Two independent axes on `@step`:

- **`version`** is the semantic identity — bump it for deliberate behavior changes (also the escape hatch for edits the engine can't see, like helpers your step calls).
- **`code`** decides what a *source edit* means. `code="auto"` folds the function's source hash into the cache identity, so any edit recomputes without version bookkeeping (right for cheap, deterministic steps). `code="warn"` (the default) never recomputes on edits, but warns loudly — in the run output, the event log, and `plan()` — whenever it reuses an output whose code has since changed, so recomputing an expensive LLM step stays a deliberate choice.

## Inspecting runs

`plan()` is a read-only dry-run: it tells you what `run()` would do to every lane and why (reuse, execute, blocked, filtered, stale, code-drift) without writing anything.
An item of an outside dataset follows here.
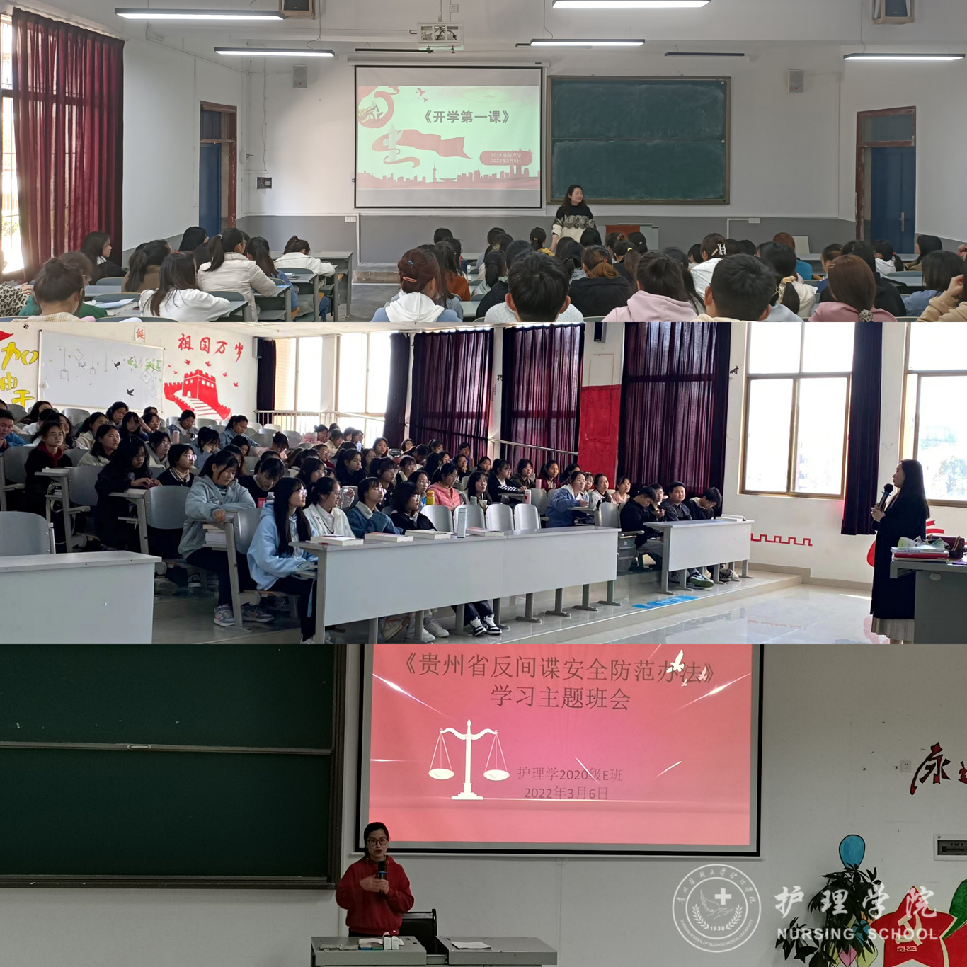班会中,辅导员组织同学们学习了《国务院关于支持贵州在新时代西部大开发上闯新路的意见》(国发〔2022〕2号)文件精神,并结合贵州教育大讲堂2022年春季学期开学第一课内容,引导同学们抓住贵州发展的机遇,不断扎实提高自己的专业能力,在新时代新征程中奋勇前行,贡献青春力量。同时各辅导员对班级上学期的学习情况进行了总结,从新学期开学纪律要求、疫情防控相关政策、安全教育以及学业规划等方面对同学们进行了叮嘱,鼓励同学们要进一步端正学习态度,提升自我管理能力。毕业班辅导员则重点从实习管理、研究生复试、护士执业资格考试、毕业考试等方面的情况,进行详细讲解并提出相关纪律要求,鼓励同学们平衡好实习、毕业与就业三者的关系,克服困难,顺利完成实习并尽早实现就业。

The **CLI** browses and invalidates against the local ledger:

```bash
rubedo ls                          # recent runs
rubedo show <run_id> --failed      # what broke, per lane (--json for scripts)
rubedo invalidate "step:enrich company:acme" --reason "bad prompt"
```

The **web dashboard** is a read-only browser over runs, materializations, lineage, and current outputs, with search to drill into specific values or errors:

```bash
uv run uvicorn rubedo.server:app --reload   # API on :8000
cd web && npm run dev                       # UI on :5173
```

Running, recomputing, and invalidation always happen from library code or the CLI; the UI never mutates state.

## Examples

Every example in [`examples/`](examples/) is a self-contained folder that talks to **real** services (Hacker News, GitHub, Open-Meteo, Project Gutenberg, an LLM via OpenRouter) using only the standard library:

```bash
uv run python examples/count_lines/count_lines.py    # run it twice — watch everything reuse
```

See the [examples README](examples/README.md) for the full table of what each one demonstrates.

## Design

The ledger is **append-only** and enforced at the ORM layer: committed outputs are immutable, every liveness transition is recorded, and workers can die at any point without corrupting committed state. Planning is read-only and value-free; execution is DB-free; all writes go through one commit path. [notes/invariants.md](notes/invariants.md) is the canonical vocabulary and the eight invariants the engine guarantees; [notes/producer-model.md](notes/producer-model.md) covers the design behind sources, `expand`, and `join`.

## Project status

Pre-1.0 and moving fast: the API is unstable and there are **no migrations or backwards-compatibility shims** — schema changes mean deleting `.rubedo/` and re-running. The core model (content-addressed lanes, the four shapes, multi-source, the ledger protocol) is designed and built; hardening and polish are ongoing in [notes/TODO.md](notes/TODO.md).

## Contributing

Small fixes and discussion are welcome; larger features should start as an issue before any code — see [CONTRIBUTING.md](CONTRIBUTING.md) for setup, the verification checklist, and conventions (the short version: small commits, no compat shims, prefer deleting a concept to adding a knob).